→ **Task prompt**
Reproduce word for word the lines from the beginning of the entries to the line with "Senior Director, Social", both included, but none of the pictures.
----- Given data
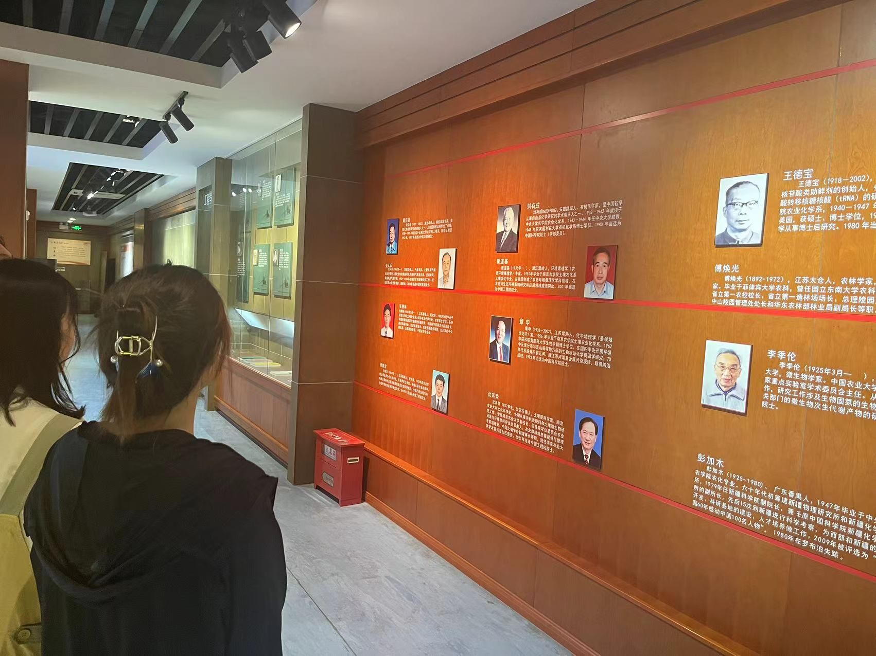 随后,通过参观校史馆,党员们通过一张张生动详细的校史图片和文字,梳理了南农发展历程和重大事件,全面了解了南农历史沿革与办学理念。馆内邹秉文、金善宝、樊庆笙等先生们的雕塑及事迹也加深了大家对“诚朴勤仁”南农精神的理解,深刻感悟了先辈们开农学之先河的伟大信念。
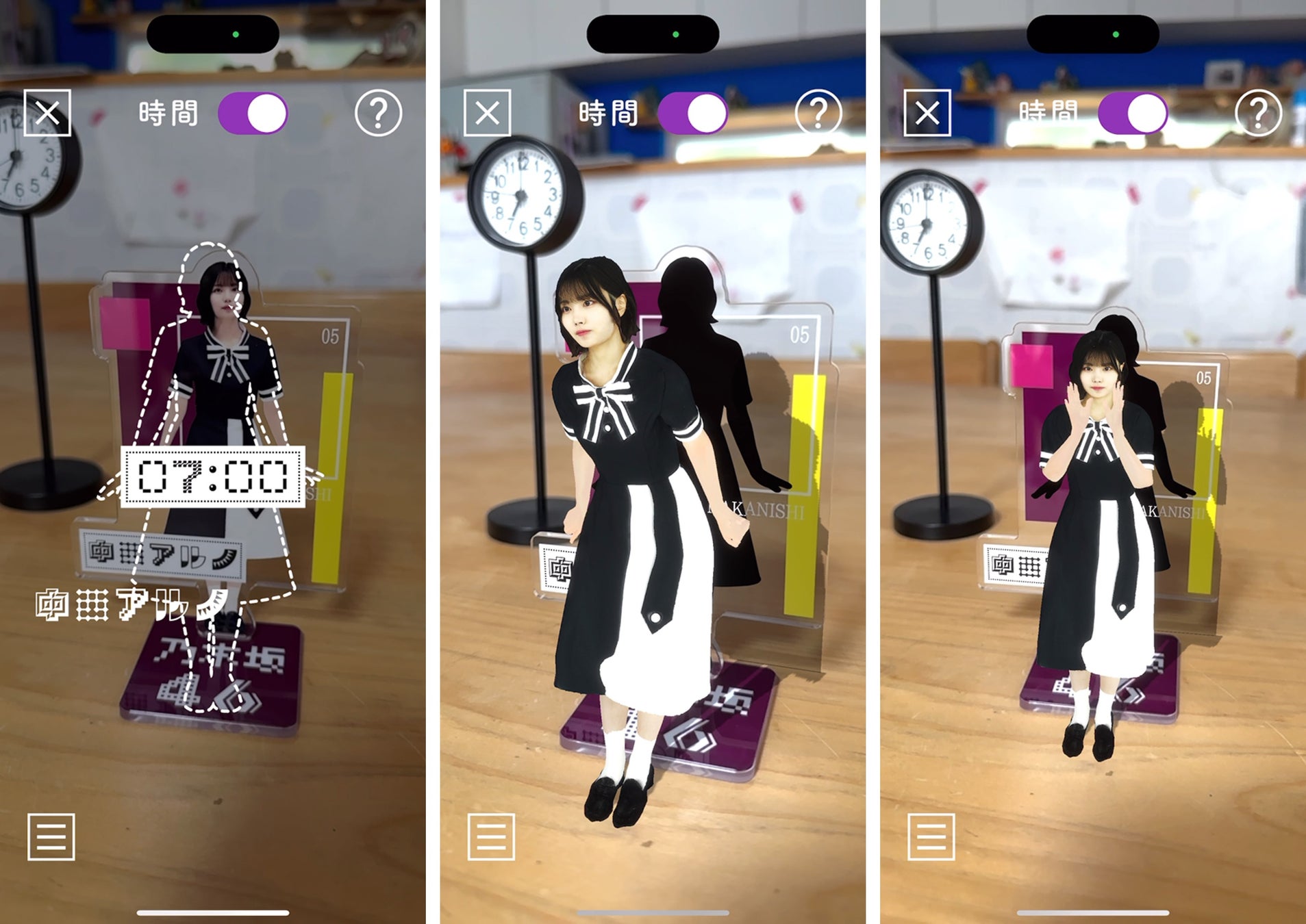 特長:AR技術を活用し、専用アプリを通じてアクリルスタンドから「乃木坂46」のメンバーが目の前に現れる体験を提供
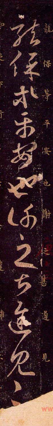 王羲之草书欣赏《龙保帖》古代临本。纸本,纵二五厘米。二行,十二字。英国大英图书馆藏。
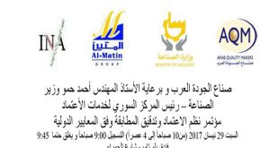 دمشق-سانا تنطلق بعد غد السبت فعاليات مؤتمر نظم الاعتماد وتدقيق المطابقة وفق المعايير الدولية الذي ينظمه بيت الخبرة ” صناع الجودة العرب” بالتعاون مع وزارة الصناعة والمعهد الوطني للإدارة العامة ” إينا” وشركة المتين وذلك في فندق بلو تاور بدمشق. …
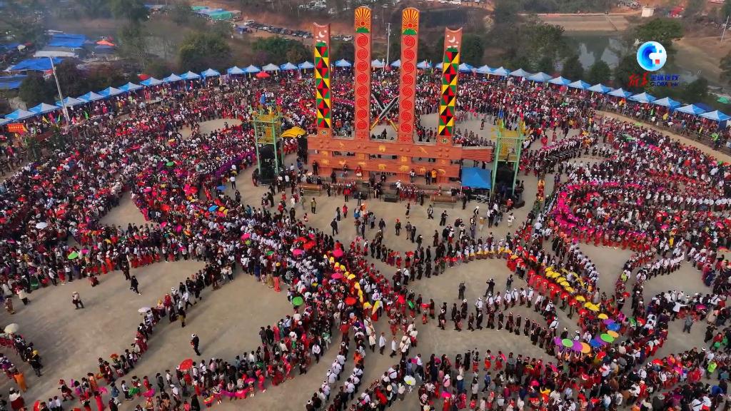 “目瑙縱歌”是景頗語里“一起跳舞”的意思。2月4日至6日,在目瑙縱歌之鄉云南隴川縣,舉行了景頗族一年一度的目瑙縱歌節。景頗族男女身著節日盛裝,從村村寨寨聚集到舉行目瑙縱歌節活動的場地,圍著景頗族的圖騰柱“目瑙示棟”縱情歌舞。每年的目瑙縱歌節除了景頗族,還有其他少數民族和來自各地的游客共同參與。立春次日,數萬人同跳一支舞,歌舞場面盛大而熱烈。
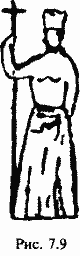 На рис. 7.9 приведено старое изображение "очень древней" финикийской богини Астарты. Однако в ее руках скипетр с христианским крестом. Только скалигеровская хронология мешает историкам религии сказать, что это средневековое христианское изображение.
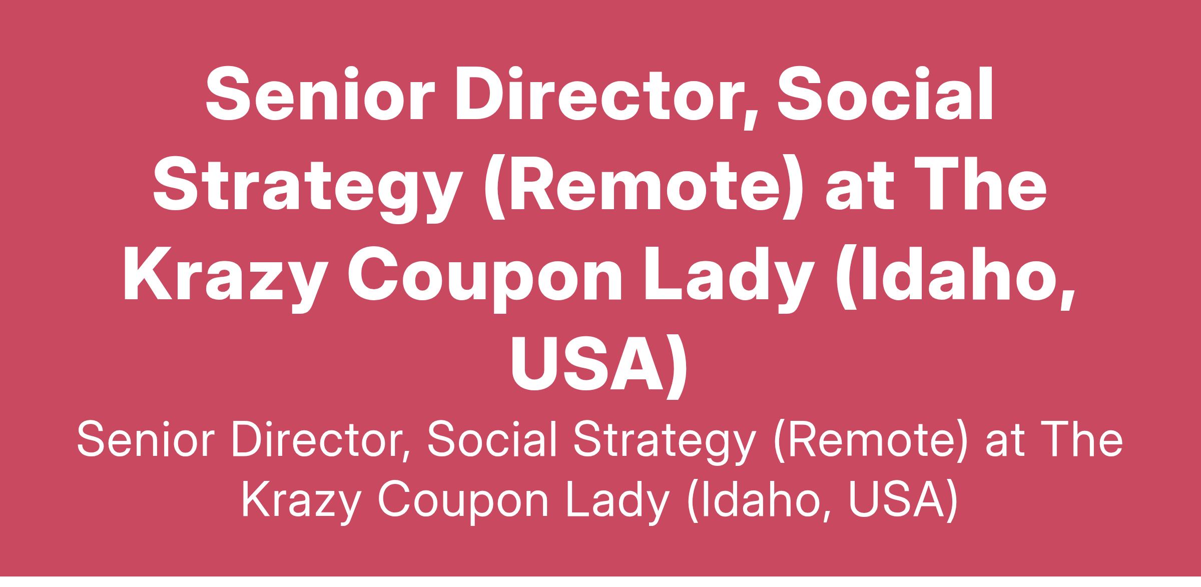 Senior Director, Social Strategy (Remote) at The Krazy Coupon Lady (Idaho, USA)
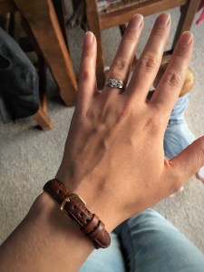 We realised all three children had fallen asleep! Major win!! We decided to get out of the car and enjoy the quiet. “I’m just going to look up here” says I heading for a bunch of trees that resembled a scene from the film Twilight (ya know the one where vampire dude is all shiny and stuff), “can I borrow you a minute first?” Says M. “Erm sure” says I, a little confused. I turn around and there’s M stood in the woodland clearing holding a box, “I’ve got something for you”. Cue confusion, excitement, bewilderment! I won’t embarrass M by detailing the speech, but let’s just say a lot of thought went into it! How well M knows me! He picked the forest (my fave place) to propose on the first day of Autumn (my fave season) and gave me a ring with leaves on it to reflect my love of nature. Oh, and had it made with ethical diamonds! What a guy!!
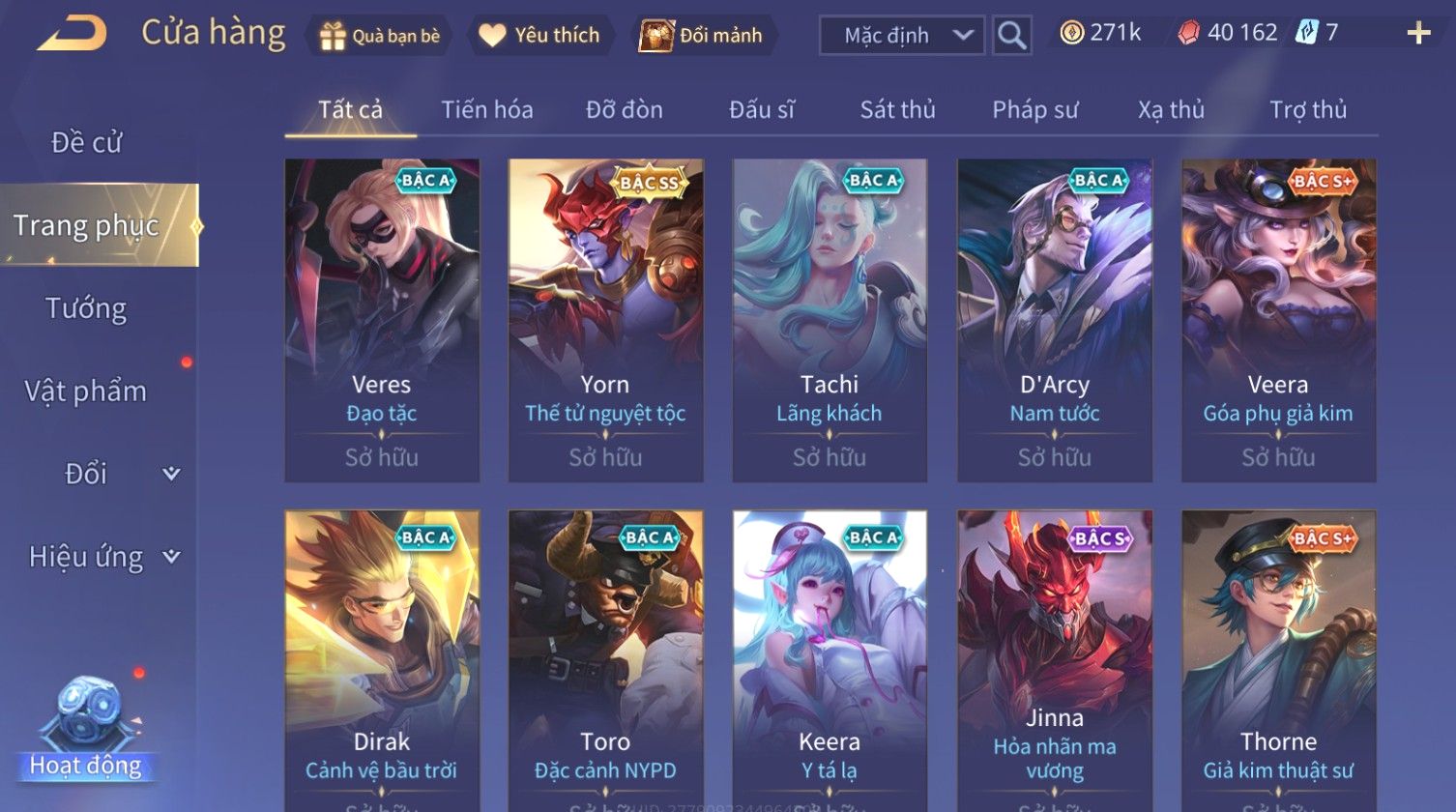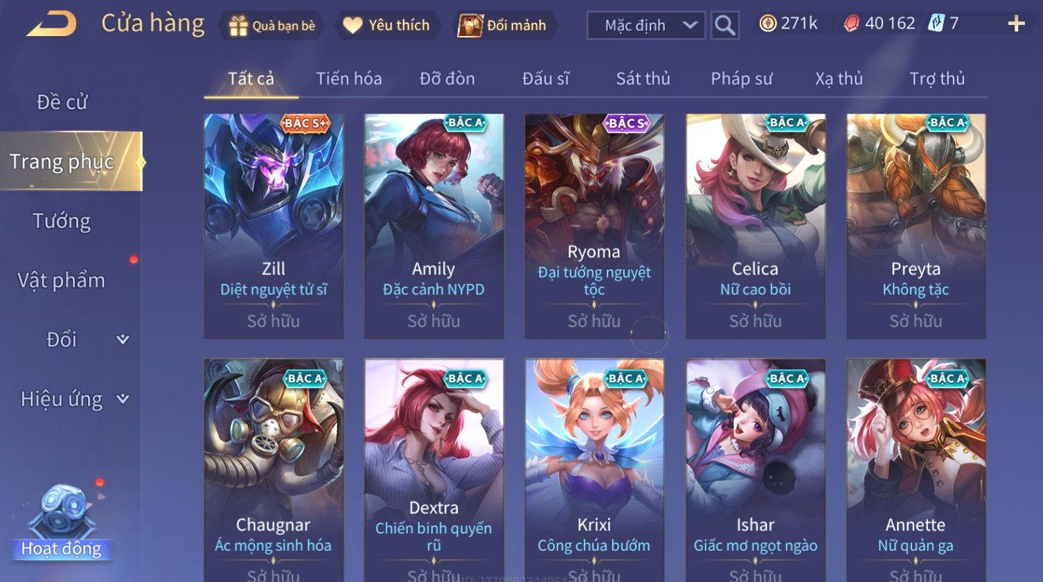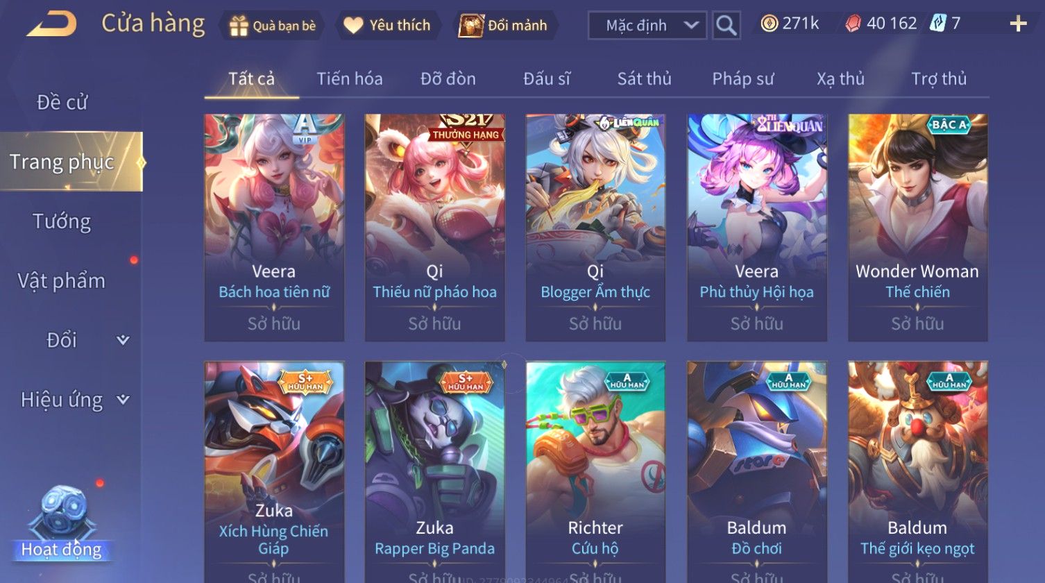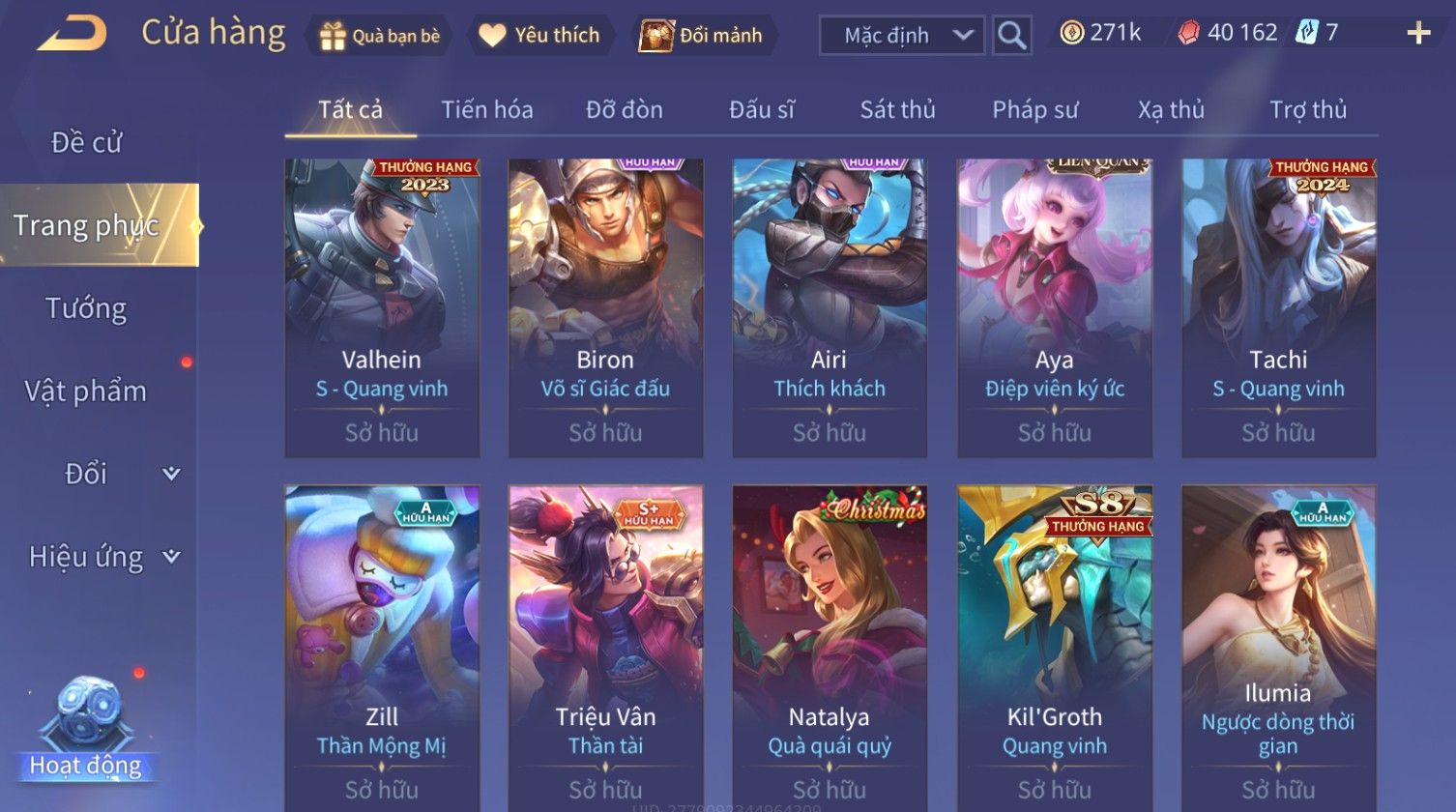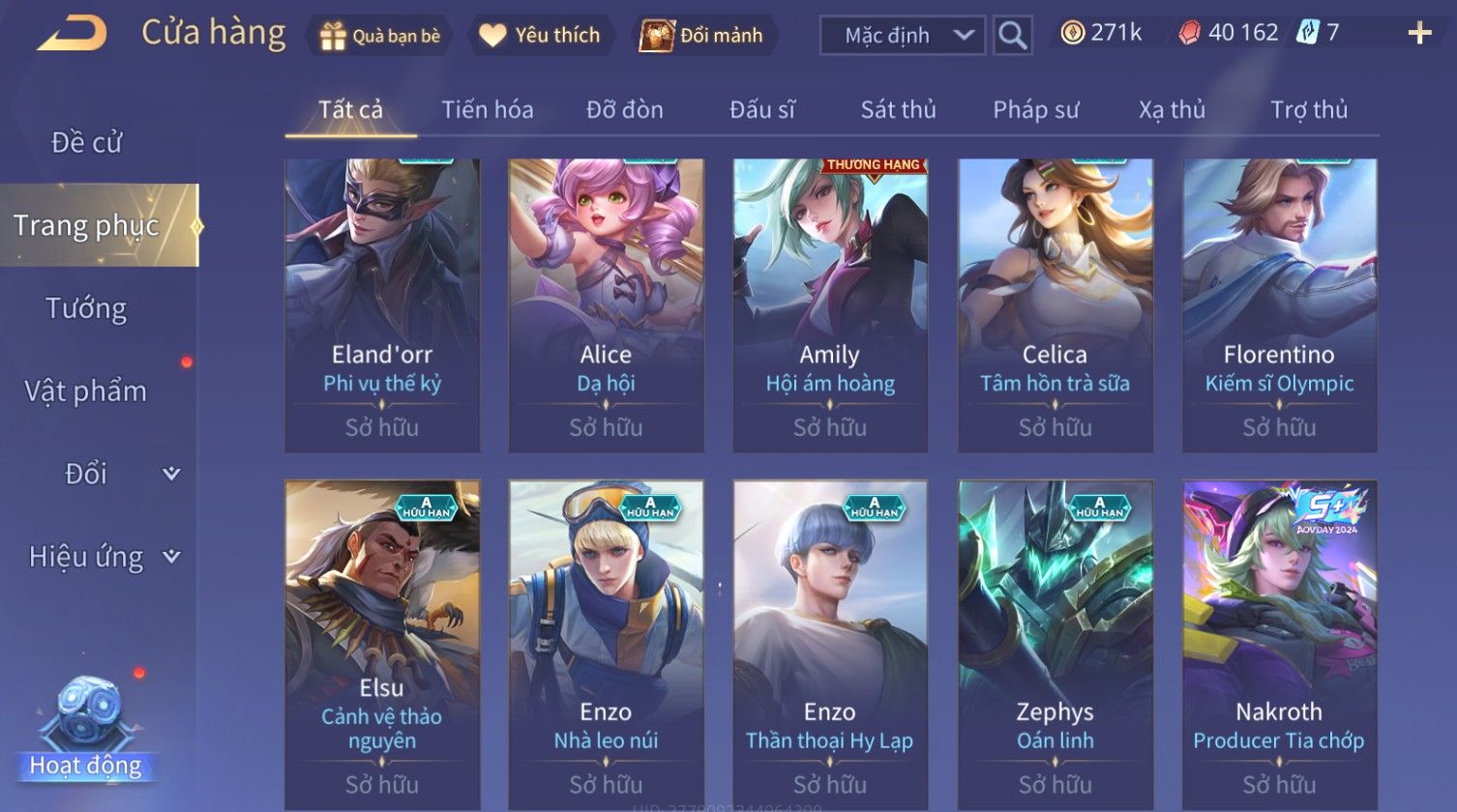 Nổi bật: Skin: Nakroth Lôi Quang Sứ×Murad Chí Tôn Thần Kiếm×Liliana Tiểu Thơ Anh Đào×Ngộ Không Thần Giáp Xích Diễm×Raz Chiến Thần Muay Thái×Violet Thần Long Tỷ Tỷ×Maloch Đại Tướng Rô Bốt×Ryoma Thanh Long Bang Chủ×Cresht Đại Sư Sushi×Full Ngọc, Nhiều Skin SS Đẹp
----------
→ **Result below**
 随后,通过参观校史馆,党员们通过一张张生动详细的校史图片和文字,梳理了南农发展历程和重大事件,全面了解了南农历史沿革与办学理念。馆内邹秉文、金善宝、樊庆笙等先生们的雕塑及事迹也加深了大家对“诚朴勤仁”南农精神的理解,深刻感悟了先辈们开农学之先河的伟大信念。
 特長:AR技術を活用し、専用アプリを通じてアクリルスタンドから「乃木坂46」のメンバーが目の前に現れる体験を提供
 王羲之草书欣赏《龙保帖》古代临本。纸本,纵二五厘米。二行,十二字。英国大英图书馆藏。
 دمشق-سانا تنطلق بعد غد السبت فعاليات مؤتمر نظم الاعتماد وتدقيق المطابقة وفق المعايير الدولية الذي ينظمه بيت الخبرة ” صناع الجودة العرب” بالتعاون مع وزارة الصناعة والمعهد الوطني للإدارة العامة ” إينا” وشركة المتين وذلك في فندق بلو تاور بدمشق. …
 “目瑙縱歌”是景頗語里“一起跳舞”的意思。2月4日至6日,在目瑙縱歌之鄉云南隴川縣,舉行了景頗族一年一度的目瑙縱歌節。景頗族男女身著節日盛裝,從村村寨寨聚集到舉行目瑙縱歌節活動的場地,圍著景頗族的圖騰柱“目瑙示棟”縱情歌舞。每年的目瑙縱歌節除了景頗族,還有其他少數民族和來自各地的游客共同參與。立春次日,數萬人同跳一支舞,歌舞場面盛大而熱烈。
 На рис. 7.9 приведено старое изображение "очень древней" финикийской богини Астарты. Однако в ее руках скипетр с христианским крестом. Только скалигеровская хронология мешает историкам религии сказать, что это средневековое христианское изображение.
 Senior Director, Social Strategy (Remote) at The Krazy Coupon Lady (Idaho, USA)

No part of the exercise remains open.